Bukan hanya uang, kita juga bisa berbagi bahan makanan atau hasil kebun, seperti mangga, pisang, jambu, dan lainnya yang tumbuh di pekarangan. Saat pohon di pekarangan kita berbuah, biarkan orang-orang di sekitar kita ikut menikmati dan ikut merasakan.
Sedekah
Bersedekah tidak perlu menunggu kapan kita kaya karena ukuran kekayaan seseorang tidak bisa diukur. Yang bisa mengukur adalah diri kita sendiri. Tengok dan lihat ke bawah karena di bawah sana masih ada orang–orang yang lebih susah dibandingkan kita.
Bersedekah tidak usah menengok atau melihat ke atas, melihat orang yang lebih kaya dari kita. Sekecil apa pun yang kita berikan kepada orang lain akan menjadi keberkahan bagi kita, akan menjadi benteng tembok yang kuat bagi kita.
Hidup tidak selamanya akan mulus-baik. Ada susah dan ada bahagia. Gangguan dan godaan selalu ada. Siapa yang menolong kita kali pertama sewaktu kita sakit, sewaktu kita mengalami kesusahan, sewaktu mendapatkan musibah, bencana atau mendapatkan gangguan dari orang jahat” Mungkinkah anak atau saudara kita yang jauh dengan mudah datang dan menolong saat itu juga?
Sewaktu ada pencuri atau perampok yang datang, siapa yang lari mengejar lebih dulu? Orang yang kaya dan pelit sewaktu berteriak minta tolong, tetangga dan orang-orang disekeliling tentu tidak akan peduli.
Namun, ketika kita berbagi, bersedekah, memberi, dan menyisihkan sedikit harta maupun makanan kepada orang–orang di sekitar kita, mereka akan lebih peduli terhadap kita. Mereka merasa merupakan bagian dari kita, ikut menjaga melebihi kuat dan tingginya pagar tembok yang kita bangun.
Ketika ada orang yang minta tolong, orang–orang di sekitar kita tentu akan langsung lari memberi bantuan, menangkap pencuri, atau perampok itu. Bahkan sewaktu rumah itu kosong ditinggal pergi penghuninya, orang- orang di sekitar kita akan ikut menjaganya.
Ketika ada orang asing, orang yang tidak dikenal memasuki pekarangan rumah, tetangga kita akan menanyakan siapa dia dan punya keperluan apa. Pepatah pagar mangkuk lebih kokoh dari pagar tembok ini mengajari kita untuk bersedekah dan hidup bertoleransi.
Mari kita hidup dengan damai dan lebih peduli terhadap orang di sekeliling kita. Bersedekah bukan berarti harus memberi banyak, tetapi bisa dimulai dengan hal–hal yang kecil dan sedikit.

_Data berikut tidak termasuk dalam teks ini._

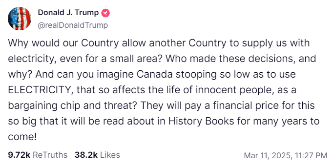 特朗普11日在“真實社交”平台發文質問:“為什麼我們的國家會允許另一個國家為我們供電,即使是一小塊地區?”他還表示,加拿大正在用影響美國人生活來作為與美國談判的籌碼和威脅。

Sebagai contoh, saat kita memasak, beri orang sekeliling kita meski sedikit. Mereka akan lebih senang menerimanya. Mereka merasa bagian dari kita. Tidak usah menunggu besok saat kaya.
Hasrat
Sifat manusia berdasarkan kodratnya selalu tidak pernah merasa puas dengan apa yang dimilikinya. Punya sepeda pasti menginginkan yang lain, yang lebih baik, misalnya sepeda motor, mobil, sampai pesawat pesawat. Niat atau hasrat baru terhenti saat manusia mati.
Jadi mari kita syukuri rezeki kita, nikmat kita. Sisihkan rezeki itu dengan bersedekah, ikut memikirkan orang-orang di sekeliling kita.
Kita pupuk rasa toleransi, rasa peduli terhadap sesama. Jangan berprasangka, jangan berkeyakinan bahwa hartaku adalah hartaku karena aku yang bersusah payah mencari ke mana-mana. Hilangkan perasaan itu.
Ingat hari esok, kita tidak akan hidup kekal dan tidak bisa abadi. Harta kita tidak bisa menemani kita selama-lamanya. Kalau kita tidak bisa menggunakan harta itu untuk hal-hal yang lebih baik, harta tersebut justru bakal menyengsarakan kita.
Hidup hanya sebentar, orang meninggal tidak akan membawa harta. Sebenarnya harta yang kita miliki adalah titipan yang sewaktu-waktu akan kembali. Harta yang tidak baik bisa jadi bahan rebutan anak-anak atau cucu. Sebaliknya, harta yang kita berikan buat sedekah akan selalu menjaga kita sewaktu hidup hingga meninggal nanti.